Over a twelve-week period, knee pain improved more in the curcumin group (-23.8mm on the scale) compared to the placebo group (-14.6mm on the scale) resulting in a difference of -9.1mm that was statistically significant. (Whether a difference of just under 10mm is meaningful to a patient is more subjective.) There were no differences between the groups as detected by MRI. Here are all the findings for all of the measures:
As you can see, several of the secondary measures were statistically significant as well. Interestingly, four patients in the curcumin group discontinued or decreased their medication use during the trial, compared with none in the placebo group.
On balance it looks like curcumin was better tolerated than the placebo. 39% of the curcumin group reported at least one adverse event, compared to 53% in the placebo group.
Conclusion: Promising but modest effects
Compared to placebo, this trial showed curcumin modestly reduced knee pain over 12 weeks, with no effects observed based on MRI. The treatment was well tolerated as well. The authors comment that the clinical significance of this finding is unclear. However they correctly point out that other analgesics like acetaminophen are equally unimpressive in terms of reported pain relief, and arguably have a much less favourable side effect profile. There were no objective effects on knee joint swelling, suggesting that the effects may be due to perceptions of pain that are not related to the manifestations of the disease in the joint.
Turmeric supplements have promise as a treatment for osteoarthritis.

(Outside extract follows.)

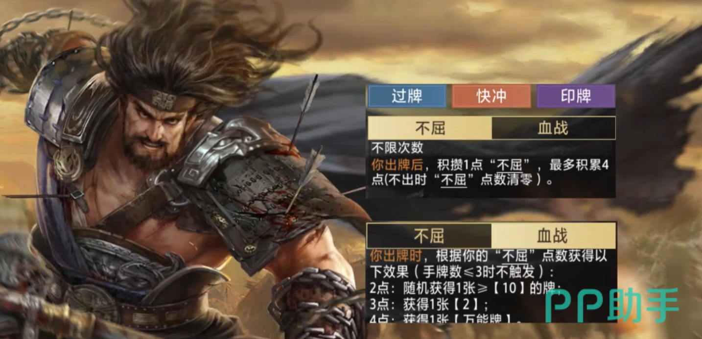 当不屈值达到2点时,“血战”效果首次激活:系统随机赋予一张点数≥10的牌(如J、Q、K、A或2),显著提升高权重单牌获取概率,为后续压制性出牌储备关键资源。需注意,该效果仅在当前手牌数>3张时生效,因此合理控牌是触发进阶收益的前提条件。

While I would like to see more evidence, ideally with longer-term studies, I would not discourage someone with osteoarthritis from considering turmeric, particularly if they are already following physical activity guidelines and really want to avoid over-the-counter analgesics. It is important to note that turmeric is not Advil however – there is no evidence you can pop two capsules and expect rapid, short-term pain relief. But the evidence for turmeric is encouraging, and with luck we will see additional trials in the future that confirm or refute these findings.